According to the four diagnotic plot above, it can be concluded that the basic model is the best fit for the data. The first plot, which is the Residuals vs Fitted, shows that the model does not violate the linear assumtions since the red line still adjacent to the dash line. Also, the spread residuals still surrounds the red line without many distinct patterns of the red line.

The second plot shows a little violations to the normality assumptions since there are some residuals with the extreme values than would be expected. However, even though the extreme data are omited, that would not make a lot of change since all the data are beyond the cook’s distance as shown through plot number 4, the residuals vs leverage.

The third plot shows that the red line does not perfectly appear to be horizontal. However, as long as the red line is not the same as y = 0, it does not violate the equal variance.
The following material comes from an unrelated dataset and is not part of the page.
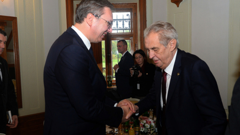 "Zahvalan sam predsedniku Češke Milošu Zemanu na stavovima po pitanju Kosova. Danas sam govorio o našoj politici prema Kosovu i o problemima sa kojima se suočavamo. Ponovio sam stav Srbije da je kompromisno rešenje jedini mogući put za budućnost celog Zapadnog Balkana i u EU, ali i za bolje odnose između ljudi koji žive na Zapadnom Balkanu", rekao je Vučić.
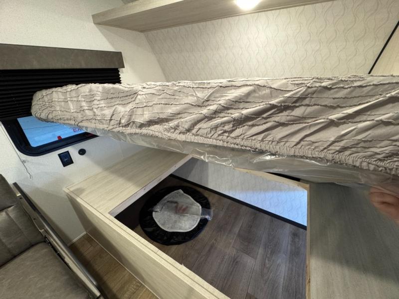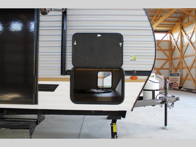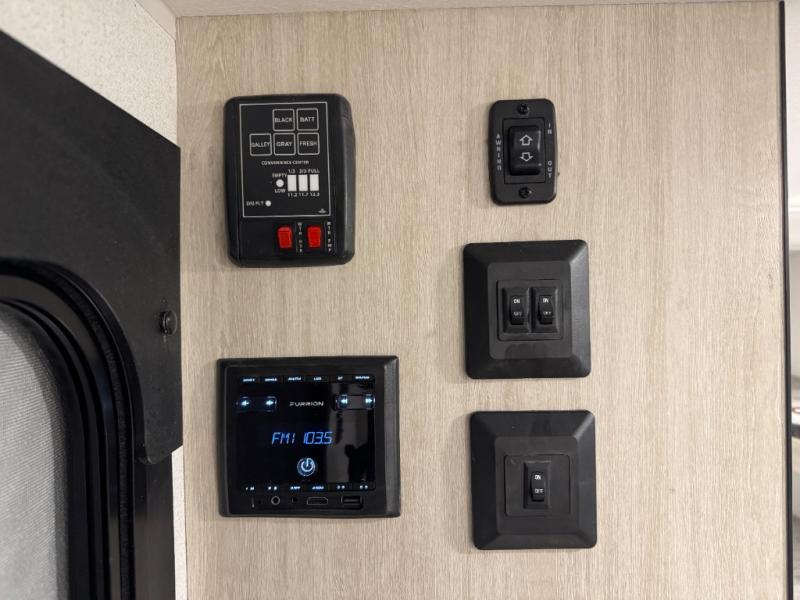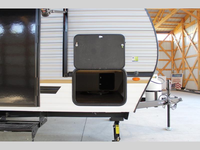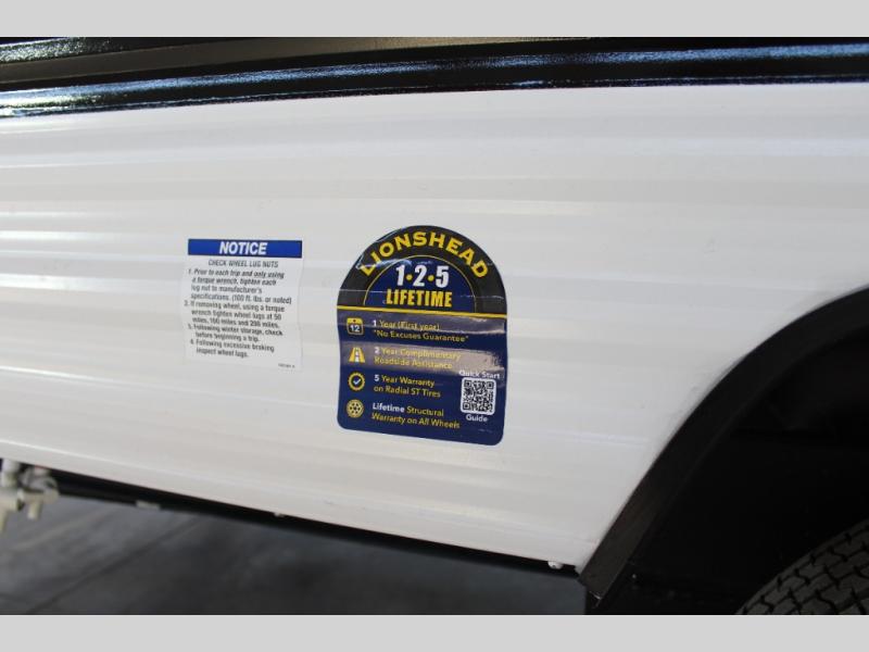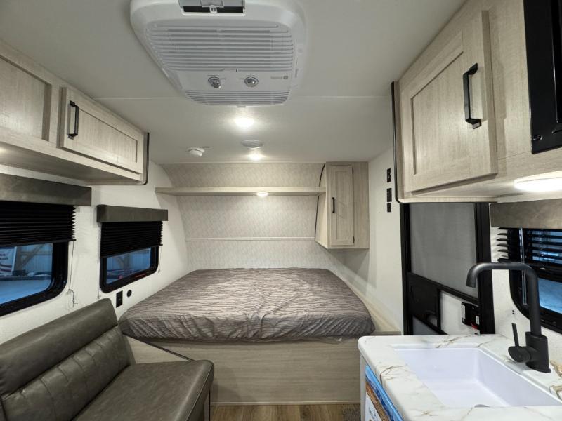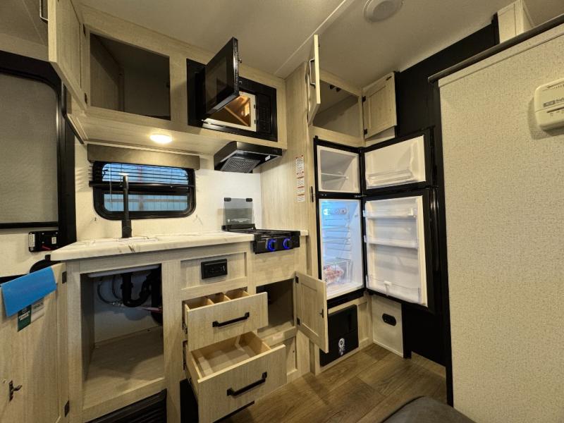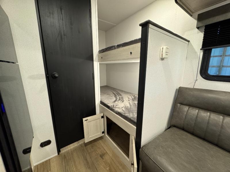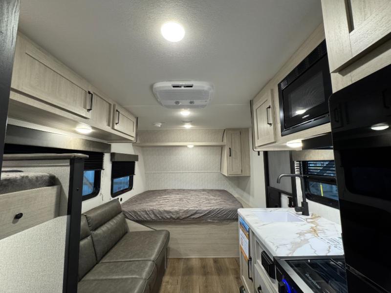 It will be so easy to enjoy camping trips in this single axle travel trailer! There is a front RV queen bed with flip-up storage at the foot of the bed for your belongings, and any additional guests can sleep on the bunk beds and sofa. A full kitchen includes a two-burner cooktop and microwave to cook meals each day, and the 12V black glass refrigerator will keep your food fresh. And a private bath with a toilet and shower will let you freshen up without having to use the camp's facilities!

The basic model of the residuals is y = (-31.6437) + 9.0163X. The declaration code of such model is shown through the following:

#basic model function =
#y = (-31.6437) + 9.0163X
def linear_predictions(t):
    return (-31.6437) + (9.0163 * t)

The actual data and the predicted data shown by the following:

    Timestep    dateRep  day  month  year  cases  PredictedCases
0          0   3/2/2020    2      3  2020      2        -31.6437
1          1   3/7/2020    7      3  2020      2        -22.6274
2          2   3/9/2020    9      3  2020      2        -13.6111
3          3  3/11/2020   11      3  2020     13         -4.5948
4          4  3/12/2020   12      3  2020     15          4.4215
5          5  3/14/2020   14      3  2020     35         13.4378
6          6  3/15/2020   15      3  2020     27         22.4541
7          7  3/16/2020   16      3  2020     21         31.4704
8          8  3/17/2020   17      3  2020     17         40.4867
9          9  3/18/2020   18      3  2020     38         49.5030
10        10  3/20/2020   20      3  2020     55         58.5193
11        11  3/21/2020   21      3  2020     82         67.5356
12        12  3/22/2020   22      3  2020    141         76.5519
13        13  3/23/2020   23      3  2020     64         85.5682
14        14  3/24/2020   24      3  2020     65         94.5845
15        15  3/25/2020   25      3  2020    107        103.6008
16        16  3/26/2020   26      3  2020    104        112.6171
17        17  3/27/2020   27      3  2020    103        121.6334
18        18  3/28/2020   28      3  2020    153        130.6497
19        19  3/29/2020   29      3  2020    109        139.6660
20        20  3/30/2020   30      3  2020    130        148.6823
21        21  3/31/2020   31      3  2020    129        157.6986
22        22   4/1/2020    1      4  2020    114        166.7149
23        23   4/2/2020    2      4  2020    149        175.7312
24        24   4/3/2020    3      4  2020    113        184.7475
25        25   4/4/2020    4      4  2020    196        193.7638
26        26   4/5/2020    5      4  2020    106        202.7801
27        27   4/6/2020    6      4  2020    181        211.7964
28        28   4/7/2020    7      4  2020    218        220.8127
29        29   4/8/2020    8      4  2020    247        229.8290
30        30   4/9/2020    9      4  2020    218        238.8453
31        31  4/10/2020   10      4  2020    337        247.8616
32        32  4/11/2020   11      4  2020    219        256.8779
33        33  4/12/2020   12      4  2020    330        265.8942
34        34  4/13/2020   13      4  2020    399        274.9105
35        35  4/14/2020   14      4  2020    316        283.9268
36        36  4/15/2020   15      4  2020    282        292.9431
37        37  4/16/2020   16      4  2020    297        301.9594

Other than that, the illustration of the basic model is such the follow:

The potential limitations of the model are the extreme spike of the data can’t be predicted. Other than that, as shown in the second plot of the diagnostic plot, the data model does not perfectly match the residuals since the head and the tail does not perfectly match the diagonal line.